[PROBLEM DESCRIPTION]:
The line containing "Nhà cửa & Đời" marks the end; write out exactly every line from the start of the data up to and including it, without the pictures.

[GIVEN INFORMATION]:

────────────────────

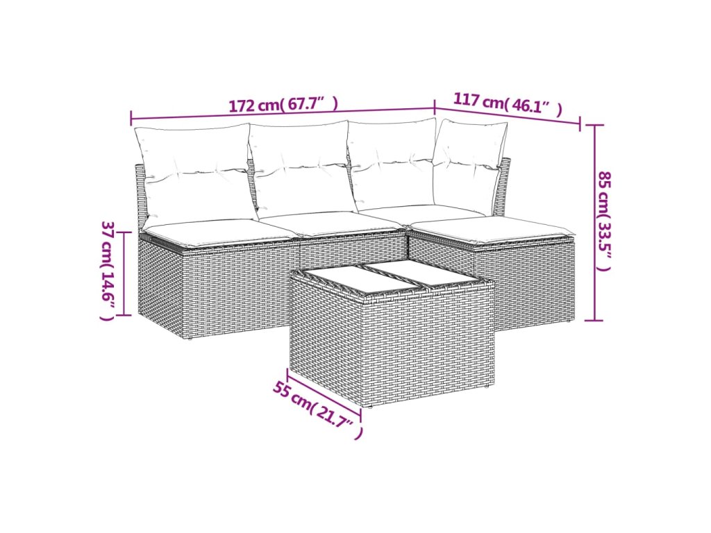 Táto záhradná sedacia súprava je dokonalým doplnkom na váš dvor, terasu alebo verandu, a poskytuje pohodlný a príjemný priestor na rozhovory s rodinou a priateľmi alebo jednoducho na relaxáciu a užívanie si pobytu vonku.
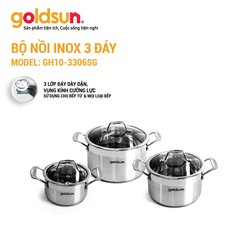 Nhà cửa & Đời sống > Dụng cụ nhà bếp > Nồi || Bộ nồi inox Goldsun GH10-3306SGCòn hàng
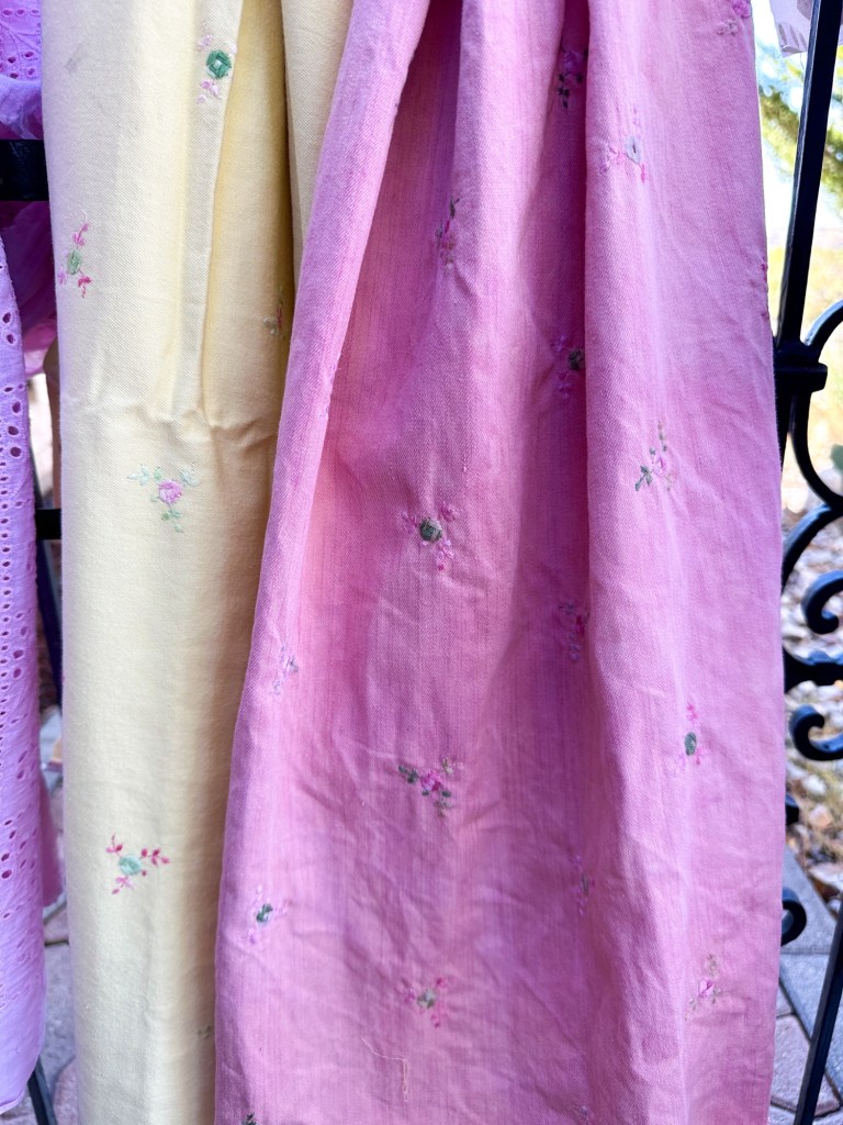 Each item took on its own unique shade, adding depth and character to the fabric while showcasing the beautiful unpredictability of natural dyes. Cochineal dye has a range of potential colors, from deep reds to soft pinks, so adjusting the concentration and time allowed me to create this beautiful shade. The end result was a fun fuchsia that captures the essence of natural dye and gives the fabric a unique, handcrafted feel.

────────────────────

[RESPONSE BOX]:
 Táto záhradná sedacia súprava je dokonalým doplnkom na váš dvor, terasu alebo verandu, a poskytuje pohodlný a príjemný priestor na rozhovory s rodinou a priateľmi alebo jednoducho na relaxáciu a užívanie si pobytu vonku.
 Nhà cửa & Đời sống > Dụng cụ nhà bếp > Nồi || Bộ nồi inox Goldsun GH10-3306SGCòn hàng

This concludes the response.